Satu jam berlalu, kini jam sudah menunjukkan pukul 5 sore.


"Mas, kamu udah selesaikan makannya...?"tanya Feby.


Sejak tadi Ken selalu tidak fokus akan pembicaraan Feby, ia tetap berusaha mencuri-curi pandang untuk melihat Stella dan Kayla dari kejauhan.Bahkan makanan nya hanya di acak-acak saja.


"Mas, masih mau lanjut makan,mau di acak-acak terus makanan nya, atau udah selesai...?"tanya Feby lagi karena belum mendapat jawaban.


Ken tetap diam sambil terus mengacak-acak makanan, entah apa yang ada di dalam pikiran Ken yang membuat Feby curiga dan bertanya.
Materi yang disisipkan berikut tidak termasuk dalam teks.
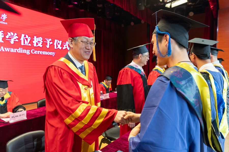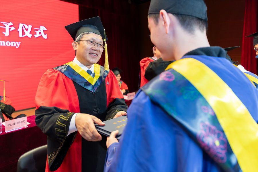 教位给与典礼上,主席台指导为结业研讨死逐个给与教位、拨穗正冠,发表结业文凭、教位文凭,并开影纪念。薪水相传,踩浪前止。2026年研讨死结业仪式暨教位赋予典礼正在《结业歌》的婉转音律中美满降幕,齐体教员送行2026届卒业研讨死,为年夜家奉上最优美的期盼战庆贺。
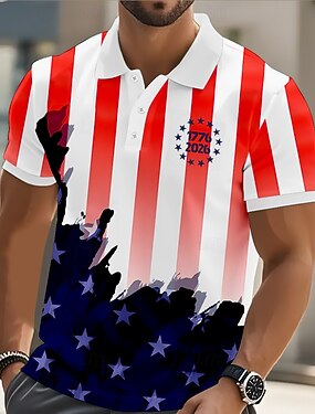 4 de julho de 2026 250º Homens Bandeira americana Camisas Polo Manga Curta Camisas polo Camisas de colarinho Casual Roupa Esportiva Botões Primavera Verão Azul Branco Vermelho

"Mas..... "teriak Feby hingga membuyarkan lamunan Ken.


"eh iya Sayang"jawab Ken.


Huft...Feby menghela nafas panjang dan mencoba bersabar.


"Mas, kalau udah selesai makannya kita pulang sekarang ya,takutnya sampai rumah kemalaman"ajak feby.


"oh iya yuk pulang"jawab Ken.


"aku mau ke toilet dulu sebentar, Mas bayar aja dulu"ucap Feby.


"iya Feb"jawab Ken menyetujui.


Meskipun Ken tidak lagi bekerja semenjak kecelakaan itu, akan tetapi iya juga mempunyai penghasilan dari membantu Bapak Feby di sawah yang uang nya tidak seberapa di bandingkan dengan kekayaan nya sendiri.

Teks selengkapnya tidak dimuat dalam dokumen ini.